:: Dataset excerpts ::
=== Section Start ===

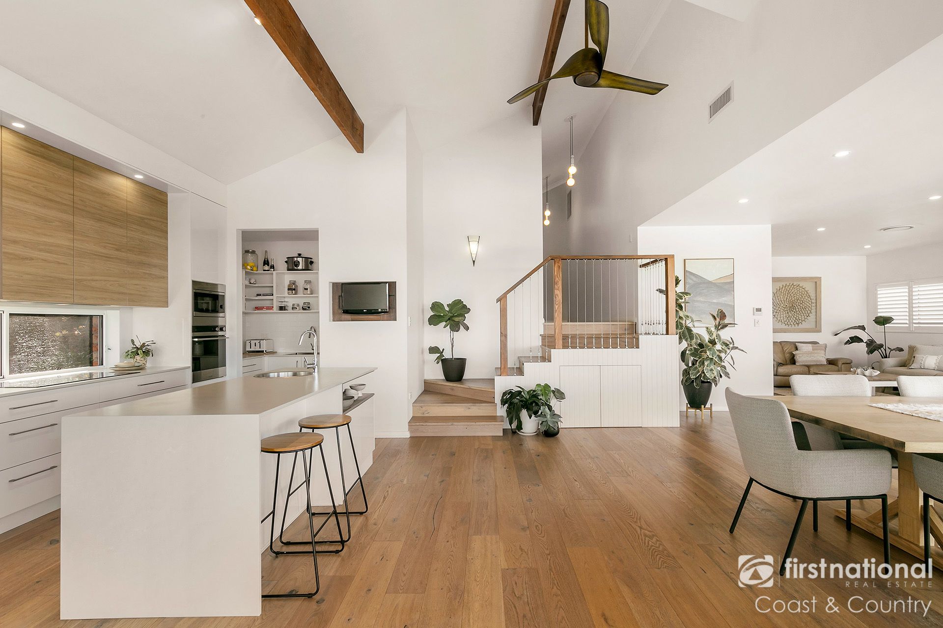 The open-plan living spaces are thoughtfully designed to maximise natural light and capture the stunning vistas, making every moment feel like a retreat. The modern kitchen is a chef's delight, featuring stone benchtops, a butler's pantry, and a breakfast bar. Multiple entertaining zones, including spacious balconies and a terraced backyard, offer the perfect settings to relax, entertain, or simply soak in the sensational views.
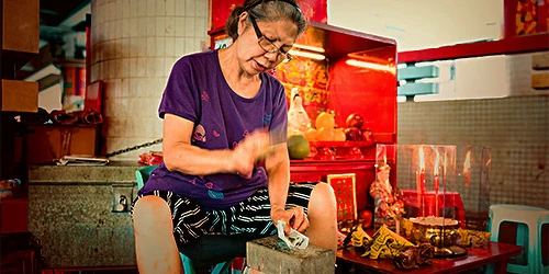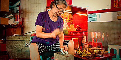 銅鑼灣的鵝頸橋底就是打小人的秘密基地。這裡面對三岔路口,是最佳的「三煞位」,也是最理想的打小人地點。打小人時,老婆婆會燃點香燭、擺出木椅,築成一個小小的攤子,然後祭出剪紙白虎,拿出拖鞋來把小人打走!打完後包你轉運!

=== Section End ===
=== Section Start ===

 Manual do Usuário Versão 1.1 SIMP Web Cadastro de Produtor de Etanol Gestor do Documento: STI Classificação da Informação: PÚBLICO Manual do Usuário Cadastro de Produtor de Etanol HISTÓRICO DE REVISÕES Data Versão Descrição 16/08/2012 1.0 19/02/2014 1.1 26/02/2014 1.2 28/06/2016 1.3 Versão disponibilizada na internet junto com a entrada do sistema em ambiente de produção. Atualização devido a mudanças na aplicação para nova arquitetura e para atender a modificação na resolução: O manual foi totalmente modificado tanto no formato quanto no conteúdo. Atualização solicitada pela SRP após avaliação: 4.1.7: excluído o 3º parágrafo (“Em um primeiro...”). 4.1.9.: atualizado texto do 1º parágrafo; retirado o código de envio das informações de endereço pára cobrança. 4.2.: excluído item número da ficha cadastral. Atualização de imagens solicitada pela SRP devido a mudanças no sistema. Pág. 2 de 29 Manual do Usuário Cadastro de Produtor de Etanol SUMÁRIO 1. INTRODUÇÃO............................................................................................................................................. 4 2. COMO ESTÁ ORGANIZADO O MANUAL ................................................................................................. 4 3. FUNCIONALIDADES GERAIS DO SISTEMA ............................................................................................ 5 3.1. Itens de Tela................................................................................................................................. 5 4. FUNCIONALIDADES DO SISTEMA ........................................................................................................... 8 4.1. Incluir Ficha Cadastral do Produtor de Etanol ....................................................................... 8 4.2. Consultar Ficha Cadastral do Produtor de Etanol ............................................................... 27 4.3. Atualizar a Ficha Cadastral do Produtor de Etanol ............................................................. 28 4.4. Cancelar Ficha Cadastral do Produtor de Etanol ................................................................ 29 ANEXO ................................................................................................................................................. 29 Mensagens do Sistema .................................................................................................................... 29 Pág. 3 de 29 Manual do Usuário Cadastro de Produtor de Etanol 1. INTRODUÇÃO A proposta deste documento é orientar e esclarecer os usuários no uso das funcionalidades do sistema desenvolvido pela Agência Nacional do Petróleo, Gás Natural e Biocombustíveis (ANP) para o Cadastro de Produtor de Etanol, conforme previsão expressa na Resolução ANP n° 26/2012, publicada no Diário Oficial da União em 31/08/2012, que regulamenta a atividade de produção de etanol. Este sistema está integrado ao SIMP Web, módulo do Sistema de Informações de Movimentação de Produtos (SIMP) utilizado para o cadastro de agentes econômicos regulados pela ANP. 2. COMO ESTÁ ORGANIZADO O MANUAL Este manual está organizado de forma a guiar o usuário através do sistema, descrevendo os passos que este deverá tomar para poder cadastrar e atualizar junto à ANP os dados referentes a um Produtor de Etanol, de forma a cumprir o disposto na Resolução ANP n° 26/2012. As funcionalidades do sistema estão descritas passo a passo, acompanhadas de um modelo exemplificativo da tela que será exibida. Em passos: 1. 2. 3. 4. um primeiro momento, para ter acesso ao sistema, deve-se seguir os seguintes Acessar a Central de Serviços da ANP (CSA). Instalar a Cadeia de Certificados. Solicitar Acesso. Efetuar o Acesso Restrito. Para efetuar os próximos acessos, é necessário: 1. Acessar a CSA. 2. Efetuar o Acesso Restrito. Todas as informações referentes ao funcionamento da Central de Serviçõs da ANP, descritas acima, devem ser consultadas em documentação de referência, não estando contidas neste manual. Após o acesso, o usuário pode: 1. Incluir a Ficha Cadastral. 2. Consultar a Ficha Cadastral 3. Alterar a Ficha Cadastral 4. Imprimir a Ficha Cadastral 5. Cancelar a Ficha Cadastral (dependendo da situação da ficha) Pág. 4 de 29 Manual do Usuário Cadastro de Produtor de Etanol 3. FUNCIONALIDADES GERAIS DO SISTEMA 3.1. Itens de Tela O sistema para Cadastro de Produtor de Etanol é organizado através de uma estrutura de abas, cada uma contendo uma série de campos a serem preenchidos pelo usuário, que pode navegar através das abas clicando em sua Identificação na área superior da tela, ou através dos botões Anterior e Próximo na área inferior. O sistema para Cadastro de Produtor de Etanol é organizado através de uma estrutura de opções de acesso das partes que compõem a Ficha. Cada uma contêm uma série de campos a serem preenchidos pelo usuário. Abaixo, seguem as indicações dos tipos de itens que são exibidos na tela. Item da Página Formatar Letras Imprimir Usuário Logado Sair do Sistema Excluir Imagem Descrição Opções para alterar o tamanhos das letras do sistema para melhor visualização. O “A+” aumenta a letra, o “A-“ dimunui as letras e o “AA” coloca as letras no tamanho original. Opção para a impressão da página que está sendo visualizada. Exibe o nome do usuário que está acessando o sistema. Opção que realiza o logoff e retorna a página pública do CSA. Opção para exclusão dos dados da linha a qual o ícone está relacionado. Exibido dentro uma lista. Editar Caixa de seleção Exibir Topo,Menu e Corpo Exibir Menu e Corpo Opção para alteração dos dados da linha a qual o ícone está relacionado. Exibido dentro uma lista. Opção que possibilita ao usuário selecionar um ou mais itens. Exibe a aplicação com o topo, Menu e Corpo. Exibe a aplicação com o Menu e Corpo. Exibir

=== Section End ===

:: Problem to solve ::
The answer is the lines above from the one with "The open-plan living" to the one with "銅鑼灣的鵝頸橋底就是打小人的", set down exactly, with no pictures.

:: Solution to the exercise ::
 The open-plan living spaces are thoughtfully designed to maximise natural light and capture the stunning vistas, making every moment feel like a retreat. The modern kitchen is a chef's delight, featuring stone benchtops, a butler's pantry, and a breakfast bar. Multiple entertaining zones, including spacious balconies and a terraced backyard, offer the perfect settings to relax, entertain, or simply soak in the sensational views.
 銅鑼灣的鵝頸橋底就是打小人的秘密基地。這裡面對三岔路口,是最佳的「三煞位」,也是最理想的打小人地點。打小人時,老婆婆會燃點香燭、擺出木椅,築成一個小小的攤子,然後祭出剪紙白虎,拿出拖鞋來把小人打走!打完後包你轉運!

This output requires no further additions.